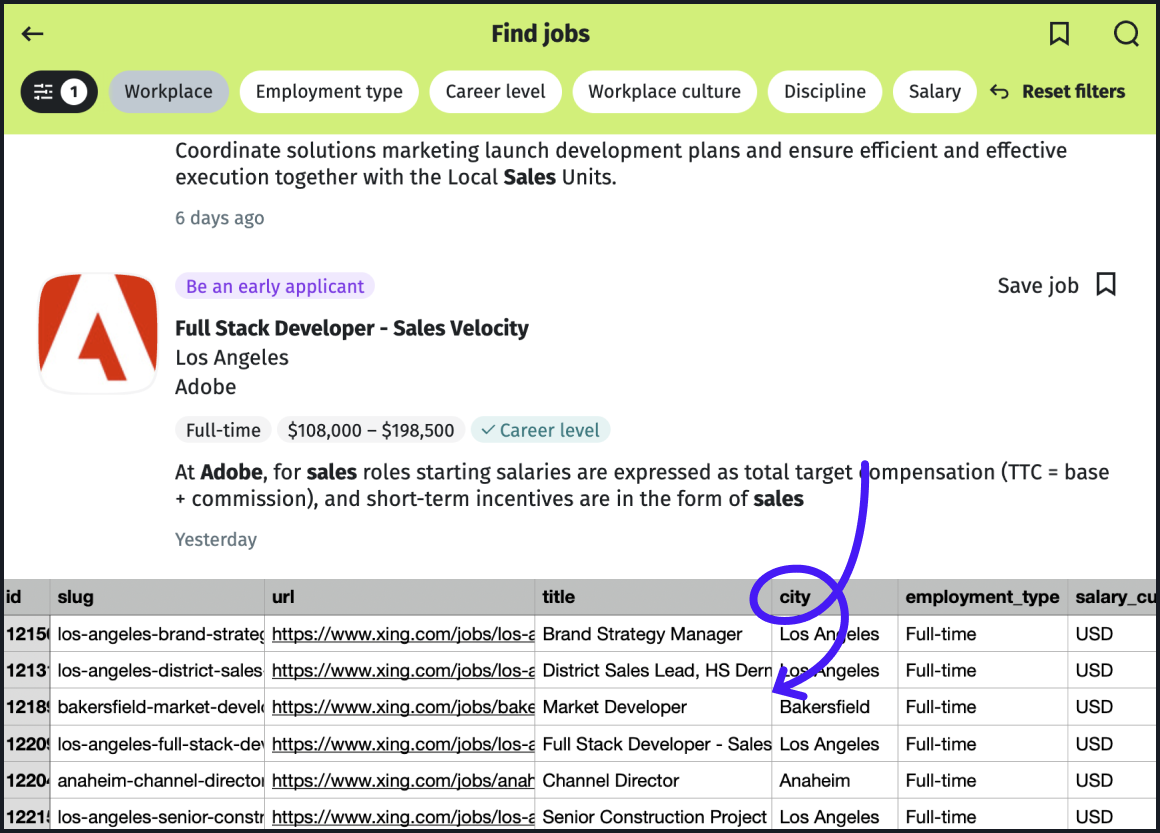 One click to export Xing search jobs result, Save to CSV, Excel and JSON file.
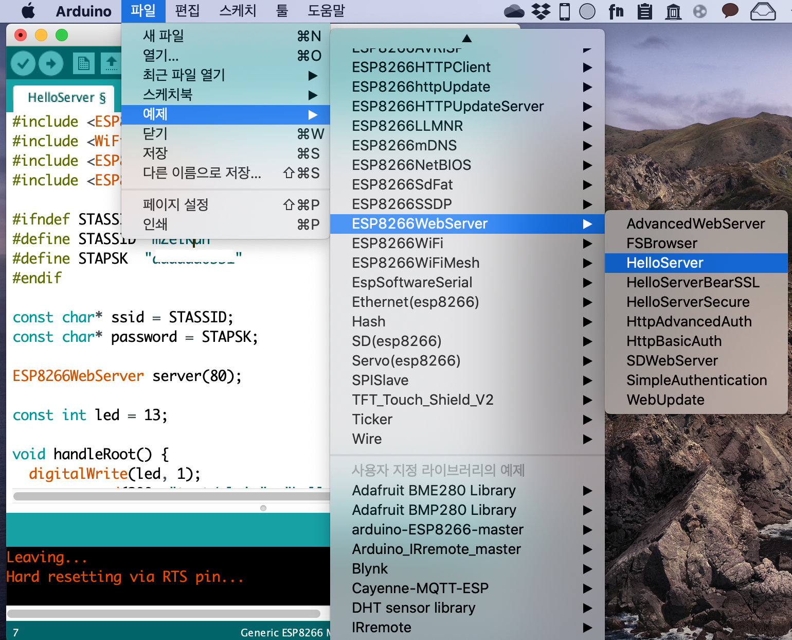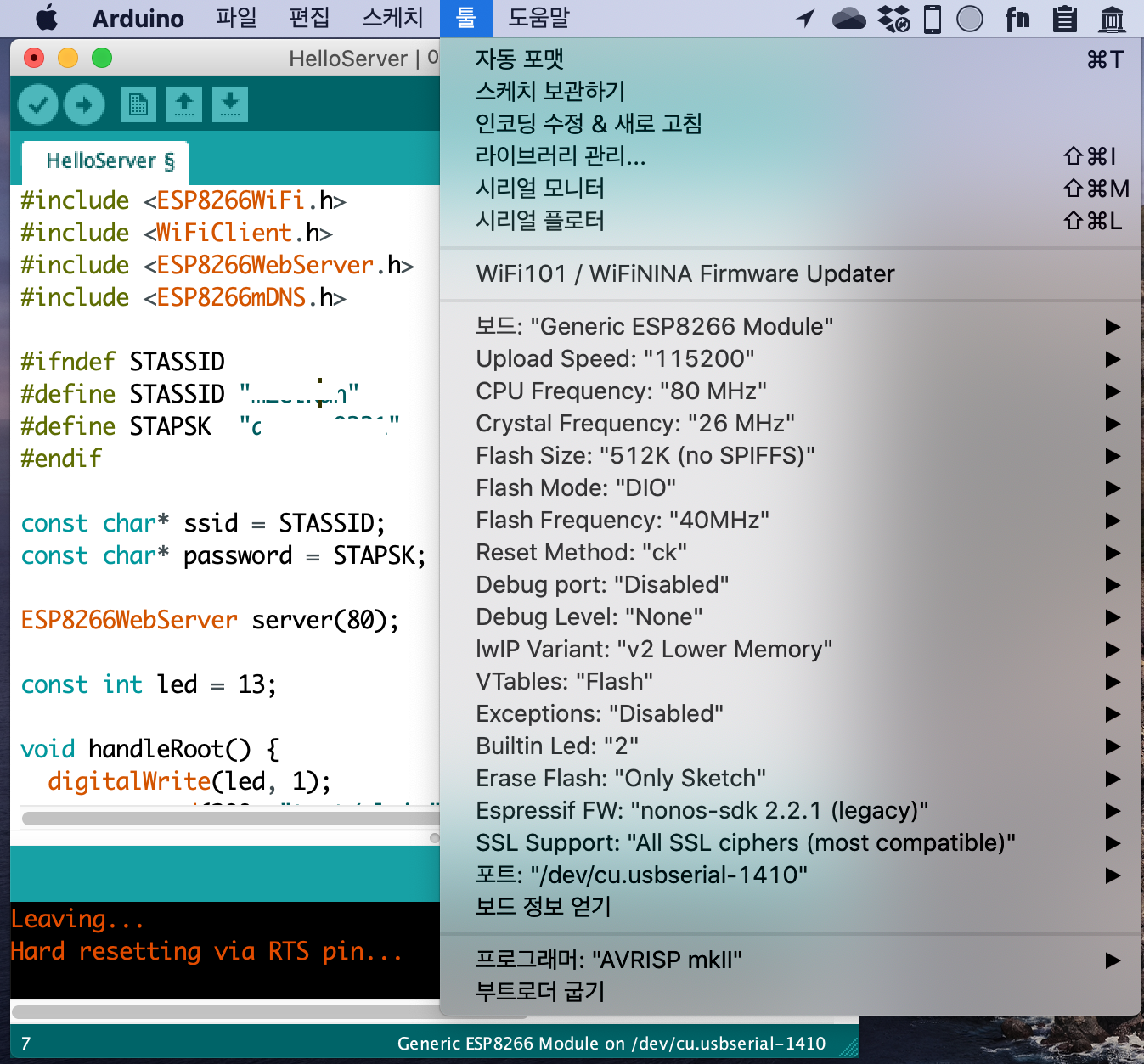 ESP8266WebServer > HelloServer 를 테스트했습니다
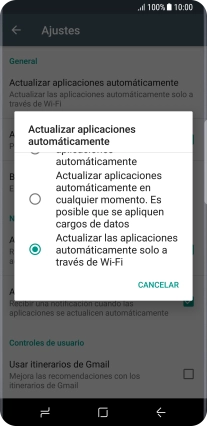 Pulsa Actualizar las aplicaciones automáticamente solo a través de Wi-Fi para activar la función.

_ _ _ _ _ _ _

TASK STATEMENT => Leave out the pictures, and retype exactly the lines from the one containing "ESP8266WebServer > HelloServer 를 테스트했습니다" through the last line of the data above, no more and no less.

SOLUTION TO THE PROBLEM =>
 ESP8266WebServer > HelloServer 를 테스트했습니다
 Pulsa Actualizar las aplicaciones automáticamente solo a través de Wi-Fi para activar la función.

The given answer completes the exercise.